As the application scenarios of SAS become more and more complex, more and more functional goals are achieved, SAS needs to develop in the direction of cooperation and distribution to have better concurrency and fault tolerance [24]. Therefore, Multi-Agent System (MAS) and its cooperation mode and distributed optimization technology have attracted the attention of researchers. A multi-agent system is a collection of multiple agents that builds a large and complex system into one that can collaborate and communicate with each other and is easy to manage. Multiple individuals working together to accomplish a task have the advantages of low cost, strong survivability, high execution efficiency, and high flexibility compared to a single individual performing a task. Due to the different features and functions of each agent [25], its state space dimension and corresponding dynamic information, multi-agent systems can be categorized into homogeneous multi-agent systems [26, 27] and heterogeneous multi-agent systems [28]. However, the SAS described by the above researches using RQV are all based on homogeneous MAS, not considered the existence of heterogeneous Multi-Agent Self-Adaptive Systems (MA-SAS), and lack of formal description of the cooperation logic between heterogeneous agents.

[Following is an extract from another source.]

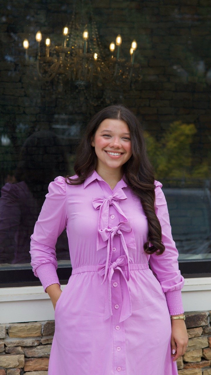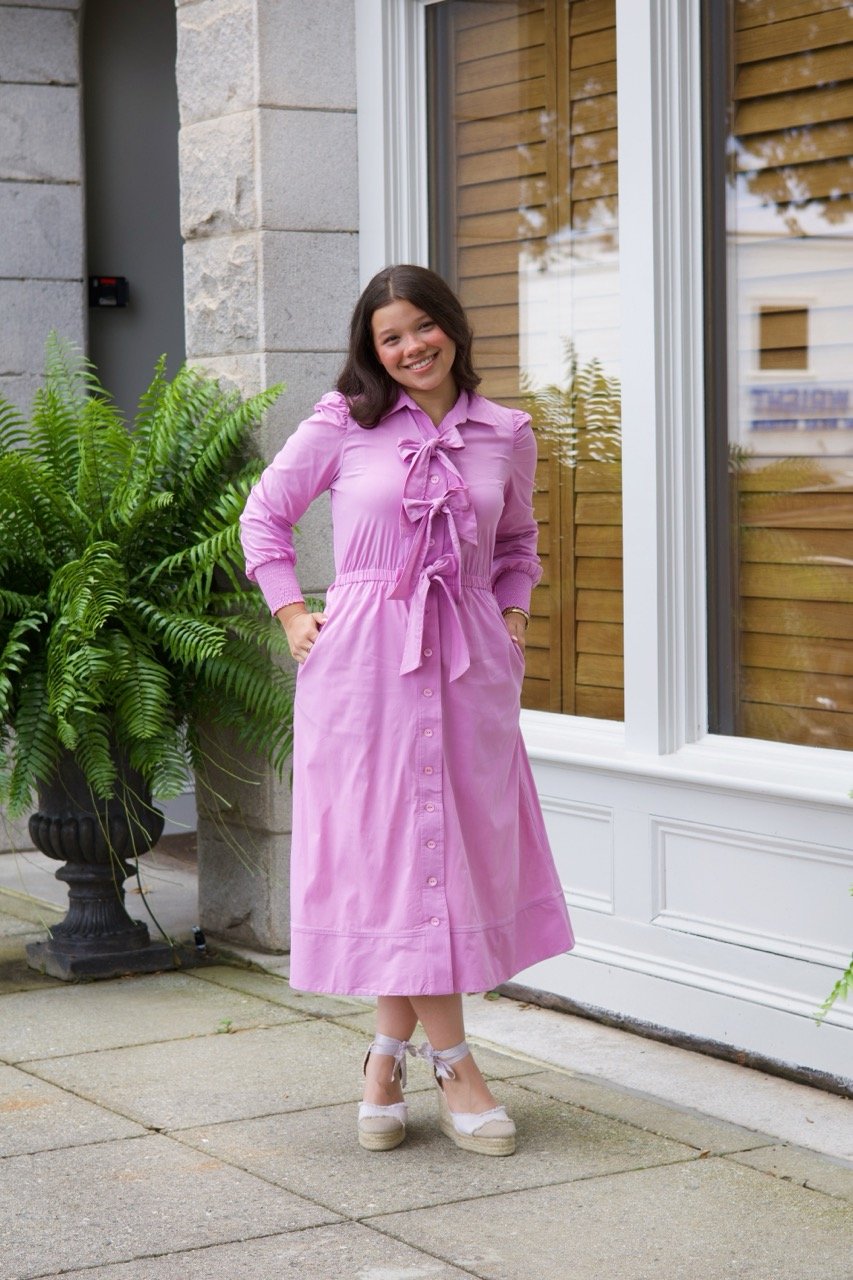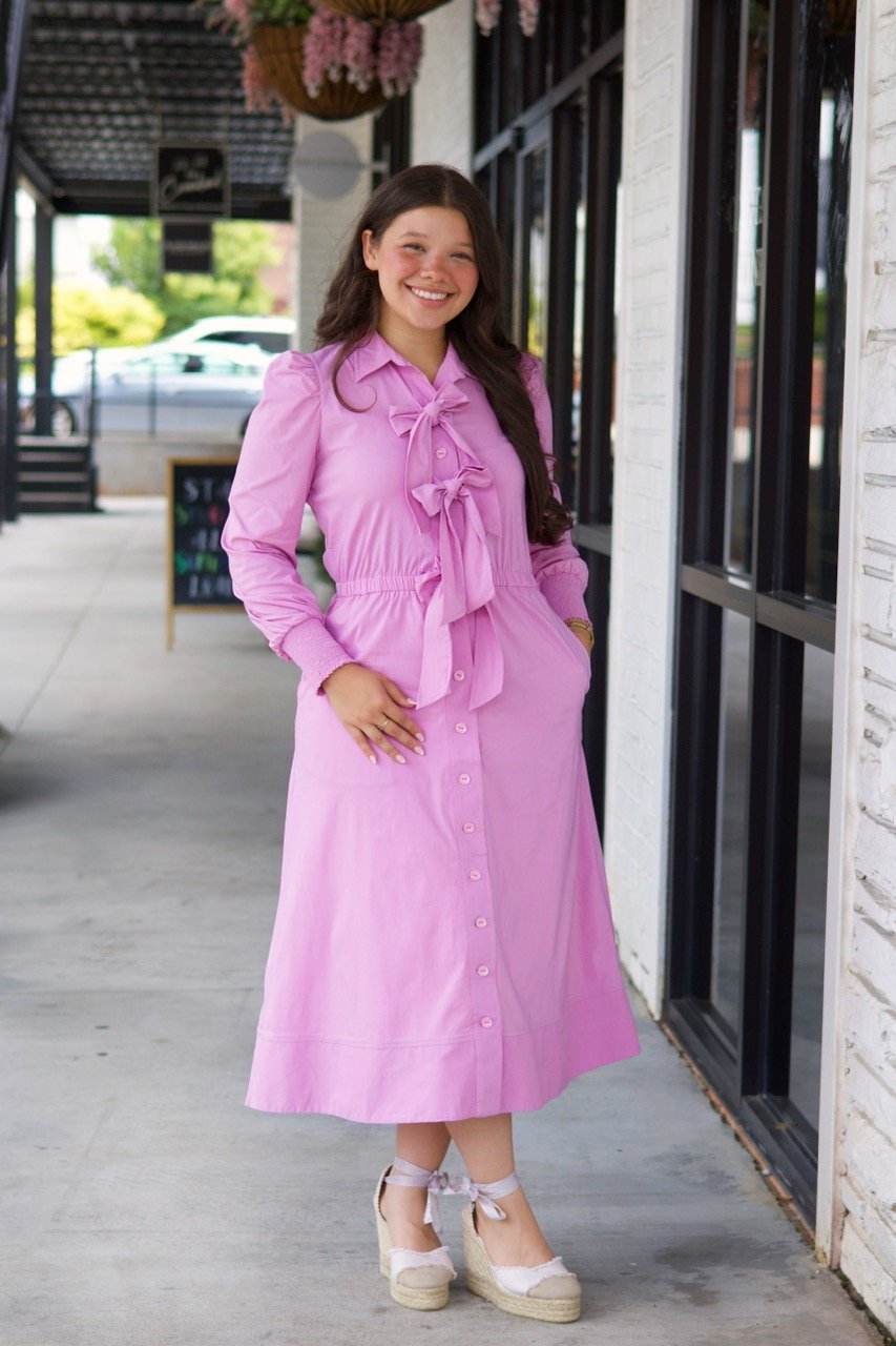 This pastel pink midi shirt dress blends classic charm with feminine elegance. It features a graceful bow-tie neckline, long sleeves with gathered cuffs, and a full button-down front for timeless appeal. The cinched waist creates a flattering silhouette, while the flowing skirt adds movement and ease. Perfect for both casual outings and polished daytime occasions, this dress offers effortless style with a touch of romance.

In order to verify the heterogeneous MA-SAS, it is indispensable to solve the problem of formal modeling and cooperation logic description of heterogeneous agent.
In general, this paper constructed a probabilistic model for a multi-agent self-adaptive system in a random environment, focused on the problem of cooperation between heterogeneous agents and proposes a formal solution, combined model checking and RQV techniques, deployed at runtime to execute validation models to ensure system security and stability. This paper starts with Probabilistic Timed Automata (PTA) and heterogeneous MA-SAS in dynamic environment. Combining RQV proposes a heterogeneous multi-agent self-adaptive runtime verification method. Firstly, it constructed the PTA model according to the heterogeneous agents in the system, then combined the PTA model to describe the SAS as a verifiable Probabilistic Timed Automata Network (PTAN) model and loaded it into the model checker. Secondly, according to the coordination logic of heterogeneous agent in SAS to formulate security constraints. Formalizing the security constraints and incorporating them into the PTAN model. The PTAN model was executed under the security constraints to ensure security of the state transition process during the system operation. Finally, the functional behavior of SAS was formalized as a timed computation tree logic, which was used to quantify the functional requirements of the system as the verification target. Through the model checking and RQV analysis PTAN model.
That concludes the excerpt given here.